Scalping is a quick high-risk high reward strategy. All traders must develop and accurately test each strategy before implementation.
How much you earn as a day trader depends on several factors, including your trading strategy, commissions, amount of capital and risk management practices. There are plenty of examples of people making a full-time income with day trading. However, there are also plenty of examples of people losing funds. Those that wish to be successful must be patient and develop a winning strategy slowly. It is not a get rich quick opportunity.Back to top
Day trading can be a lucrative endeavour that can generate significant profits within a short time period. However, it is also an extremely risky activity that sees the majority of day traders lose money.
It requires fast decision-making and quick execution which can be very demanding and stressful. Day trading also requires traders to continually look at a computer screen for a long period so opportunities are not missed.
To succeed in day trading, a trader must take the time to learn the jargon, techniques and systems involved. A well thought out trading strategy must be developed, tested and then executed accurately. All steps must be covered for a trader to succeed.

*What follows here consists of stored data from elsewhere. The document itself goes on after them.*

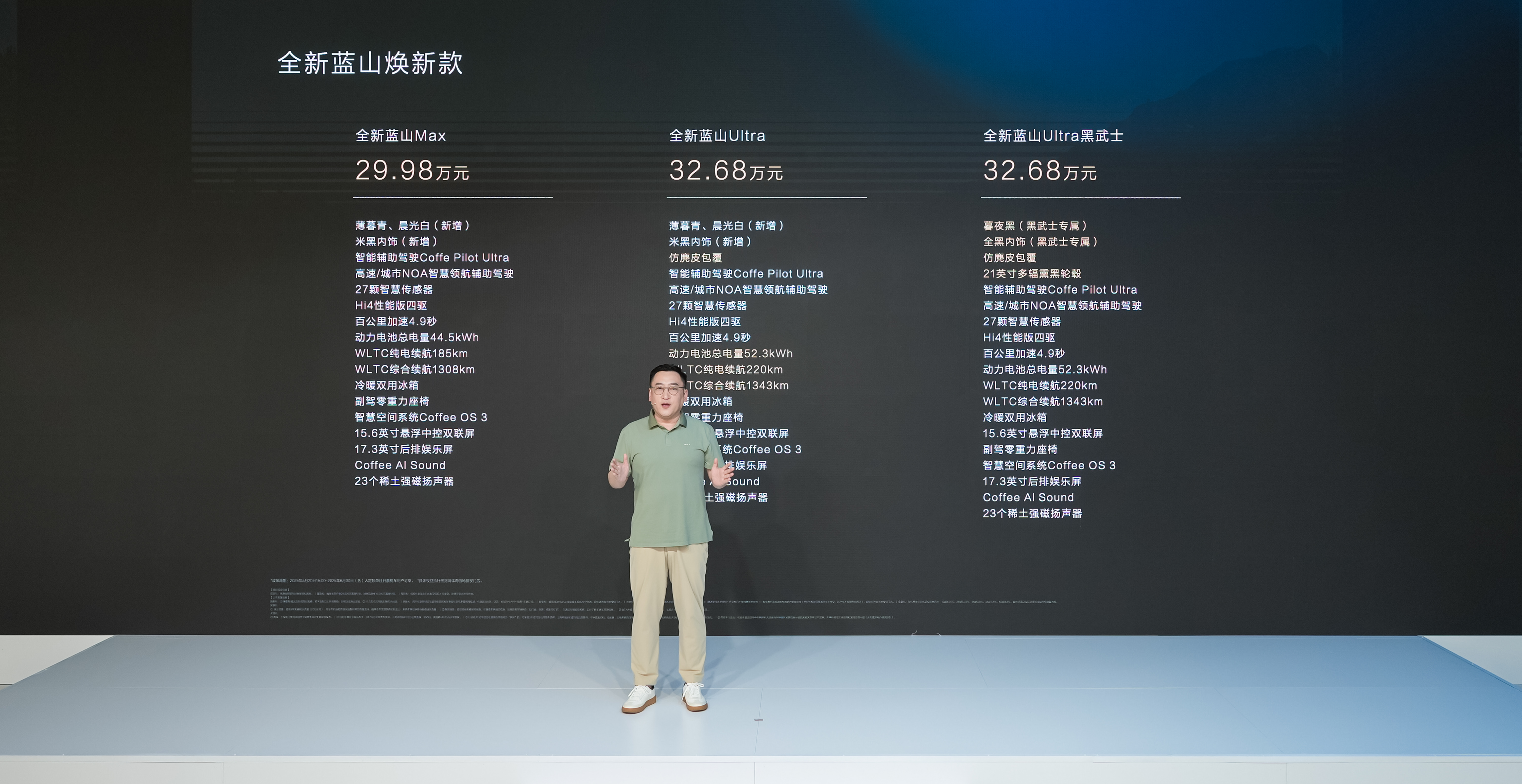 全新藍(lán)山煥新款正式發(fā)布,全新藍(lán)山煥新款MAX版、全新藍(lán)山煥新款Ultra版、全新藍(lán)山煥新款Ultra黑武士版售價(jià)分別為29.98萬(wàn)元、32.68萬(wàn)元、32.68萬(wàn)元。購(gòu)車用戶可享至高價(jià)值82,599元的限時(shí)煥新權(quán)益,魏牌老用戶置換全新藍(lán)山煥新款,可獲翻倍補(bǔ)貼及終身免費(fèi)流量。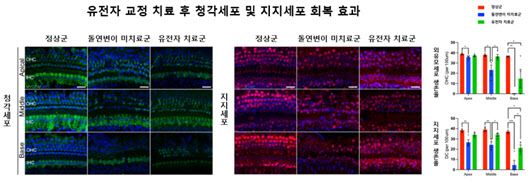 조직 분석에서도 청각세포인 외유모세포(OHC)와 이를 지지하는 지지세포(DC)의 생존률이 유의미하게 증가했고, 달팽이관의 조직 구조도 뚜렷하게 회복됐다. 이는 유전자 교정이 청각세포의 기능뿐 아니라 조직학적 복원에도 실질적으로 기여함을 시사한다.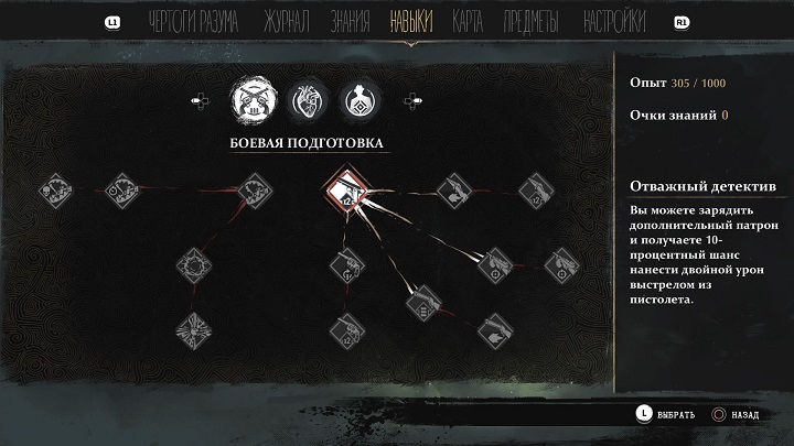 Не стали ребята из Frogwares заморачиваться и с прокачкой. Она есть, но представлена только пассивными скиллами. Да и те в большинстве своем очень сомнительны. Например, 10% шанс критического попадания при стрельбе из винтовки, которую достаешь едва ли пару тройку раз. Лучше качайте здоровье и психическую защиту.

Day trading cryptocurrencies involves executing multiple short-term trades and profiting from small market movements. Typically, traders will close all open positions by the end of each trading day.
This style of trading can be lucrative, but is certainly not for everyone. An investor must consider whether or not day trading suits their personality and investment goals. If you want to take on day trading, you must ask yourself if you are ready to handle the weight and pressure that comes with the task. Only funds that you are happy losing should be used as trading capital.